[publican-list] sortable lists, esp. glossaries

Fri Feb 3 09:08:55 UTC 2012

On Tue, Jan 31, 2012 at 06:45:12PM +1100, I wrote:

> Apparently, the mapping from a string of Kanji to its pronunciation
> (ordering) isn't even a deterministic operation, at least for proper
> names.

(Of course I meant "proper nouns".  Actual non-determinism might even be
limited to proper nouns, though I'm not sure that that changes anything
from a coding point of view.)

> Thus, the solution would have to involve supplying pronunciations somehow
> for at least some glossary entries.

More precisely, it follows that sorting Kanji entries by pronunciation
would in general require supplying pronunciations for some entries.

However, I don't want my unclear wording to contribute to wrong
conclusions about what Publican actually requires: I'm not in a position
to say whether Publican requires index or glossary entries involving
Kanji to be sorted by contextually-correct pronunciation.  All I've
learnt over the past couple of days is that *outside of* a book index or
glossary, Kanji are sorted sometimes by contextually-correct
pronunciation and sometimes by some other order (and I think there's more
than one alternative, even).

If anyone wants a concrete sample for an "is this output acceptable"
question (and if not using software just for japanese sorting, like
Lingua::JA::Sort::JIS), then I suggest making sure that the collation
function is tailored for a Japanese locale (e.g. using
Unicode::Collate::Locale->new(locale => 'ja-JP')): without that,
collation software is unlikely to try to use a specifically-japanese
ordering of Kanji characters or intersperse Katakana with Hiragana.

In particular, the documentation for plain Unicode::Collate is explicit
that it doesn't intersperse Katakana with Hiragana, and that its Kanji
ordering is simply by unicode block & code point rather than by a JIS
ordering.

So I think the easiest thing to do that has a good chance of getting a
"yes, this is acceptable" answer would be to switch from Unicode::Collate
to Unicode::Collate::Locale and pass locale => $LANG to the constructor
(where $LANG is the Publican language like en-US or ja-JP).

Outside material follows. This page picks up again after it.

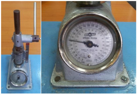 The elastic characteristic of the spring was determined using a spring test stand, Figure 7. The operation of the stand was based on the rotation of a crank through which a worm-driven gear was driven which caused the spring to act on a spring with a certain force corresponding to a weight whose value could be read on the graduated dial. Simultaneously, the value of the spring deformation corresponding to the applied weight could be read on the graduated ruler.

Effect on other languages:

Switching to a locale-sensitive collator might also make for a better
collation of Indic languages (handling of virama, and some related
reordering rules).

Whereas if applied to Spanish for indexes, note that it might move
entries like chkconfig from near the beginning of the C entries to just
before D; it's not clear to me whether that's a good or bad thing for a
word like chkconfig that isn't even spanish and thus arguably isn't using
the Spanish ch digraph.

(In both cases, I haven't actually tested the behaviour, nor have I asked
a native speaker for their preferences for index/glossary sorting in
technical documentation.)

pjrm.